== Data for this exercise ==
----
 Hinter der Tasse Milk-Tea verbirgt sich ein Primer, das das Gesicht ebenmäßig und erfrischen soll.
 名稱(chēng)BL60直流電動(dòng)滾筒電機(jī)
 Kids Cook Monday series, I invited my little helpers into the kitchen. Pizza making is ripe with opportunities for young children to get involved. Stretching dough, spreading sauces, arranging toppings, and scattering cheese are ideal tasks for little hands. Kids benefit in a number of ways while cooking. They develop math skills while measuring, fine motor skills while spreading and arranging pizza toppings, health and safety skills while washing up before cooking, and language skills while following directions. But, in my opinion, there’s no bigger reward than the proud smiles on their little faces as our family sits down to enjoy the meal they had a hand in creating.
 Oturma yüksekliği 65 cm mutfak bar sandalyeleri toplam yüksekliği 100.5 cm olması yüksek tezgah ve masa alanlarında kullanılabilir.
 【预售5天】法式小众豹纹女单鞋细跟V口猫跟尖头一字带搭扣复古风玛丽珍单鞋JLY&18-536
----
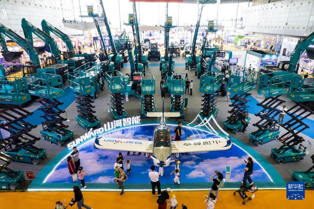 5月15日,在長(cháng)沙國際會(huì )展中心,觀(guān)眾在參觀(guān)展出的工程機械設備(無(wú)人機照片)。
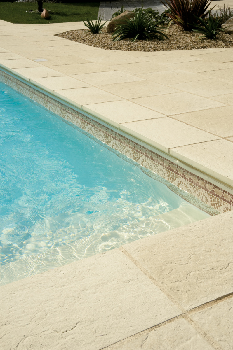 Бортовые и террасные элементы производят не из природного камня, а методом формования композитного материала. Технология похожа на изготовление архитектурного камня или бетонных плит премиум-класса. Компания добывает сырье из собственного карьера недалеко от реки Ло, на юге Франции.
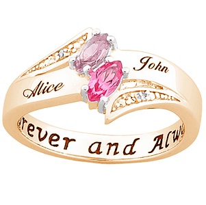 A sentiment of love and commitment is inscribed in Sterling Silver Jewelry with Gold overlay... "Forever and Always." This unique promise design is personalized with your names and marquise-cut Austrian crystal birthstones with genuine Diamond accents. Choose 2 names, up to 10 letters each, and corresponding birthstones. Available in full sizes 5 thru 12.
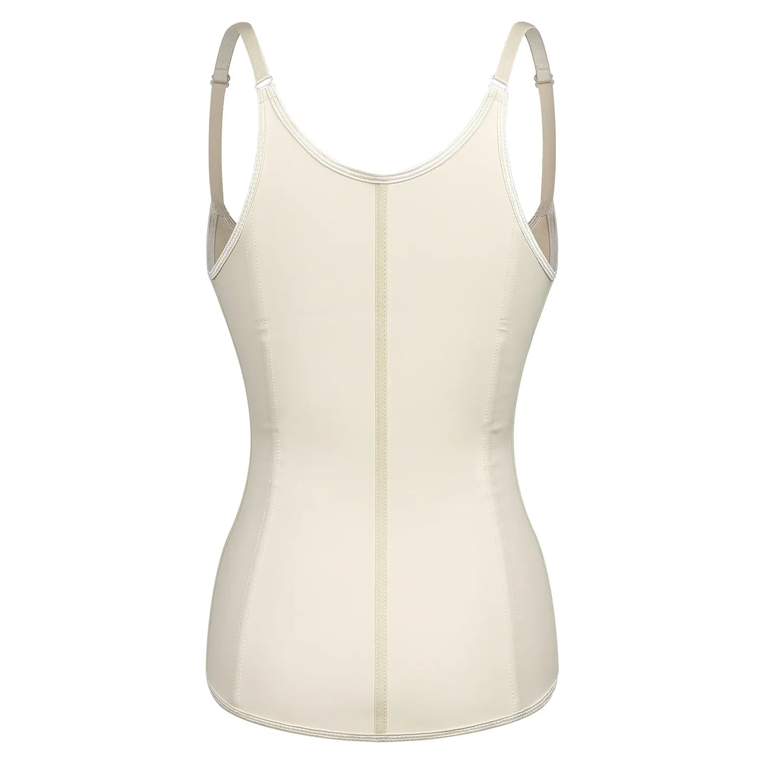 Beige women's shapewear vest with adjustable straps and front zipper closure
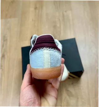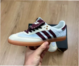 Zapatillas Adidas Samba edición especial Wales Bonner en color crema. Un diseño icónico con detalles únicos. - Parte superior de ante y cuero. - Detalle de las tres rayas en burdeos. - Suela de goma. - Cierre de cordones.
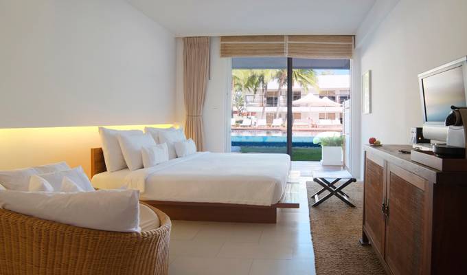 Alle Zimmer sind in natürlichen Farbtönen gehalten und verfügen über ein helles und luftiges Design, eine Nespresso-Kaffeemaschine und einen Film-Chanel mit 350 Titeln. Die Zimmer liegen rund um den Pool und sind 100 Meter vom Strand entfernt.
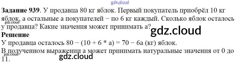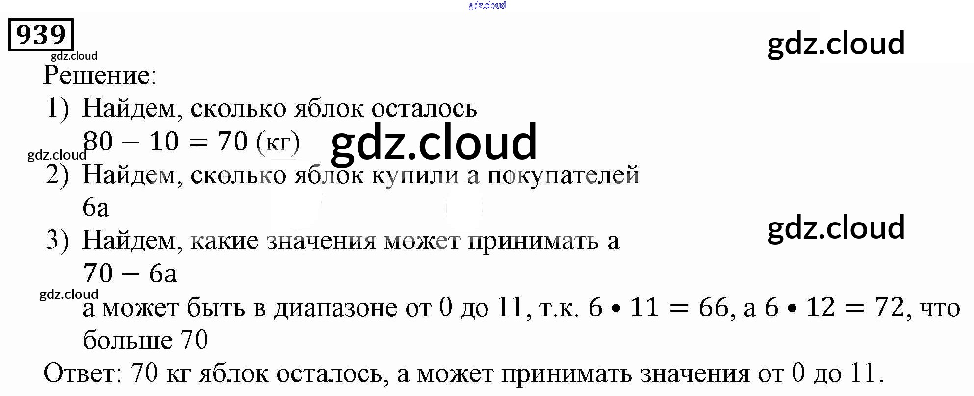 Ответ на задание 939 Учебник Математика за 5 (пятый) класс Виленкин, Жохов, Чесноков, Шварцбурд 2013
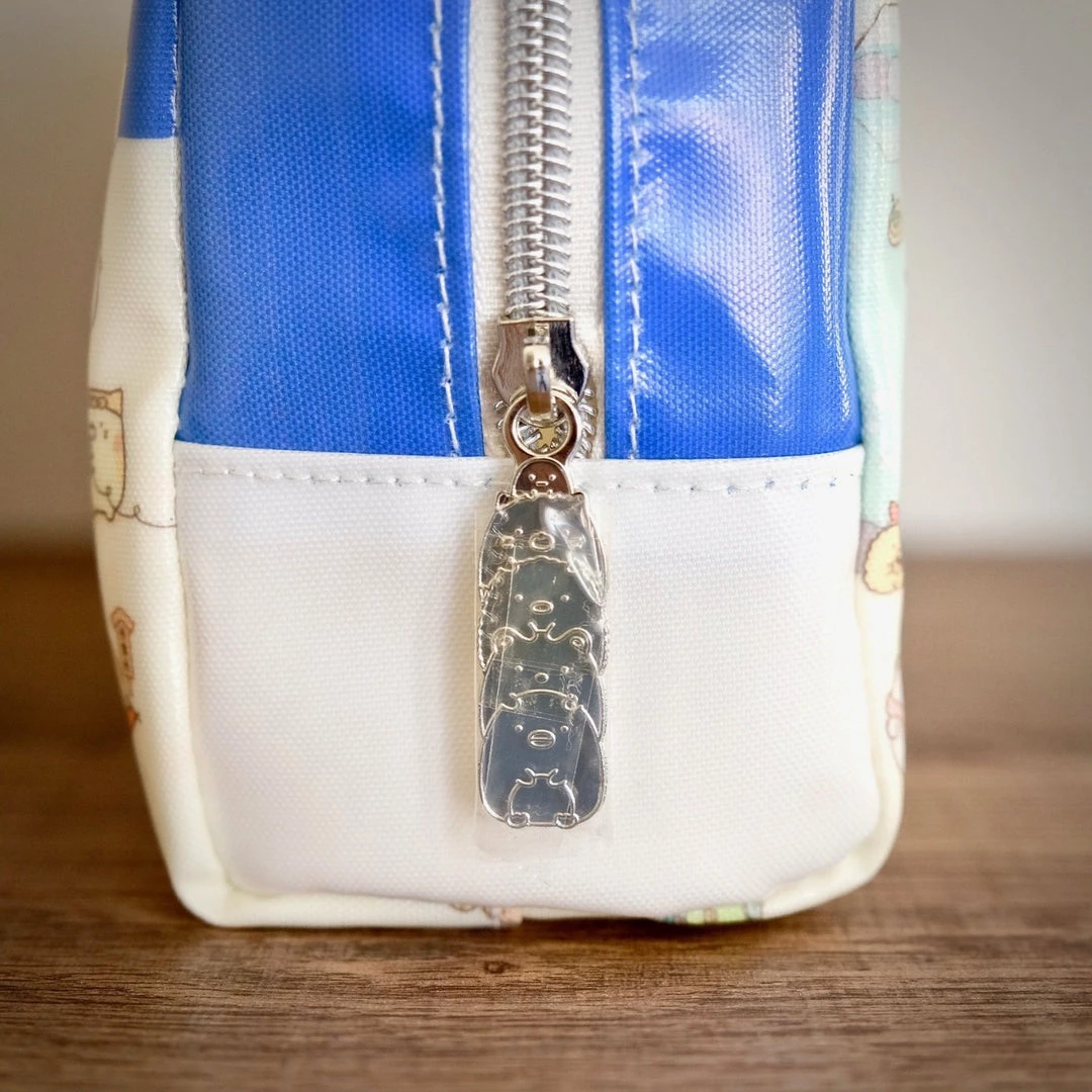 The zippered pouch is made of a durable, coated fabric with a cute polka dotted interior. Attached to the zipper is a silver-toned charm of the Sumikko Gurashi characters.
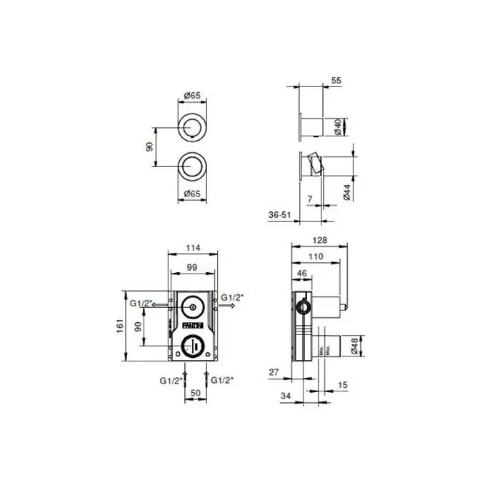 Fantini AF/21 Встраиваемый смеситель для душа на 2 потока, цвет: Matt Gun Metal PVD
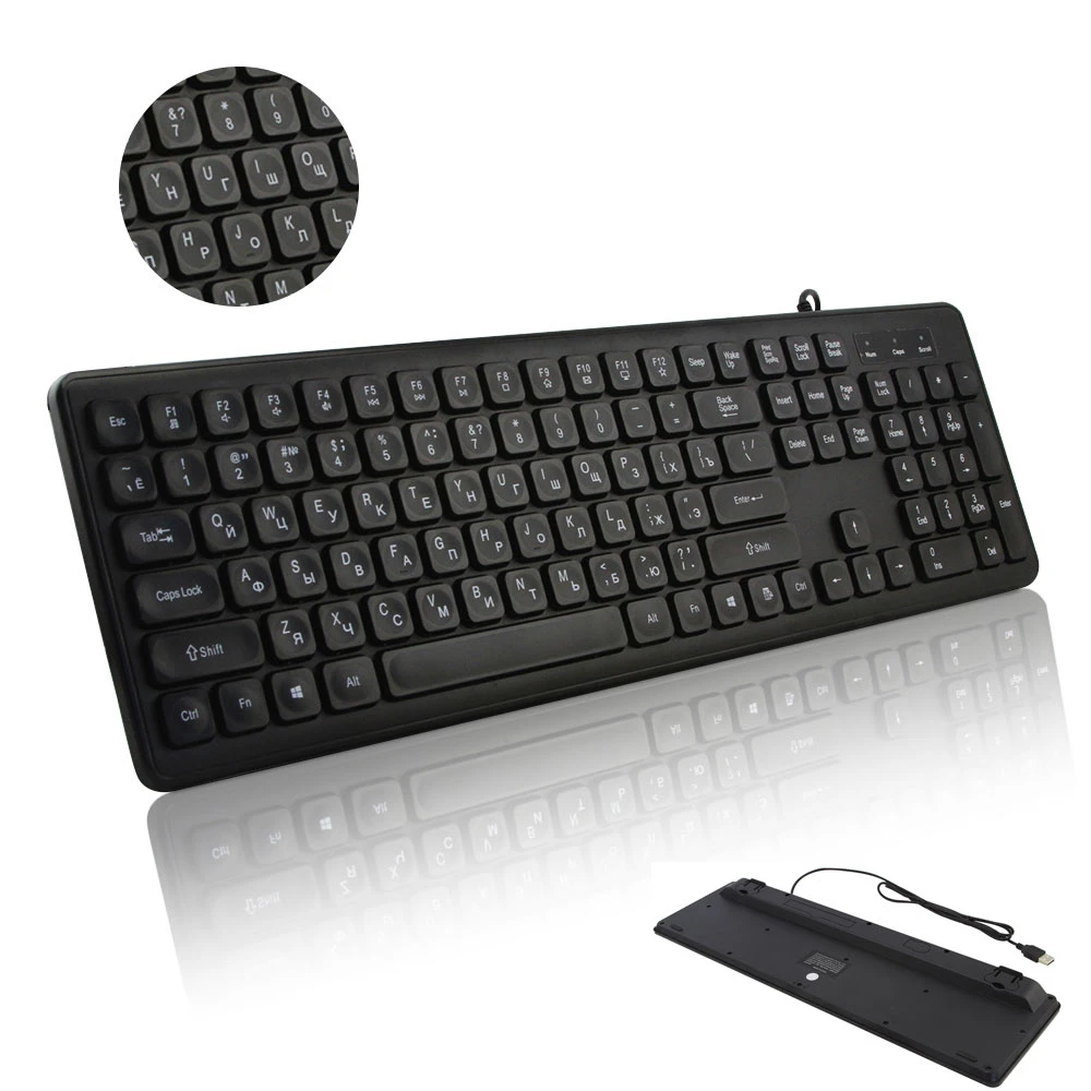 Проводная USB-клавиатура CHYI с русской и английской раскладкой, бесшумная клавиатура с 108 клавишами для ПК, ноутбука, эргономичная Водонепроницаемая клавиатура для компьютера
----
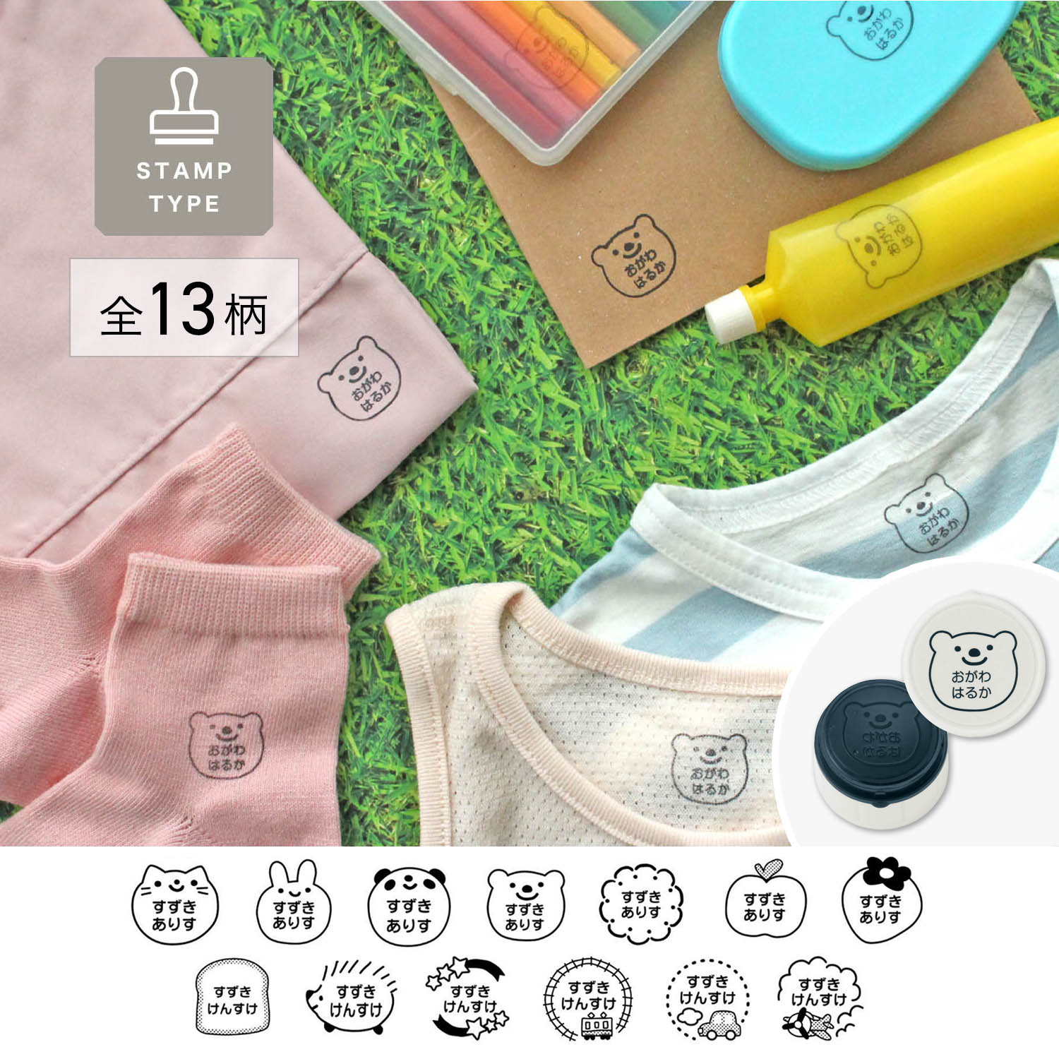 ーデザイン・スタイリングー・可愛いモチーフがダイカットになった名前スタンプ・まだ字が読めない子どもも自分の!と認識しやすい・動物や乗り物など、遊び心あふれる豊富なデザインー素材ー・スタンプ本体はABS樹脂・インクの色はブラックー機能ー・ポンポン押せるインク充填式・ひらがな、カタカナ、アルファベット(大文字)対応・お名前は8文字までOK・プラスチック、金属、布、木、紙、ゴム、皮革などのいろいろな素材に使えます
----
== Task statement ==
Of all the material above, only the lines from the one that has "Fantini AF/21 Встраиваемый" down to the one that has "Проводная USB-клавиатура CHYI" are to be written out, exactly and with both ends included. Pictures are skipped.

== Answer to this task ==
 Fantini AF/21 Встраиваемый смеситель для душа на 2 потока, цвет: Matt Gun Metal PVD
 Проводная USB-клавиатура CHYI с русской и английской раскладкой, бесшумная клавиатура с 108 клавишами для ПК, ноутбука, эргономичная Водонепроницаемая клавиатура для компьютера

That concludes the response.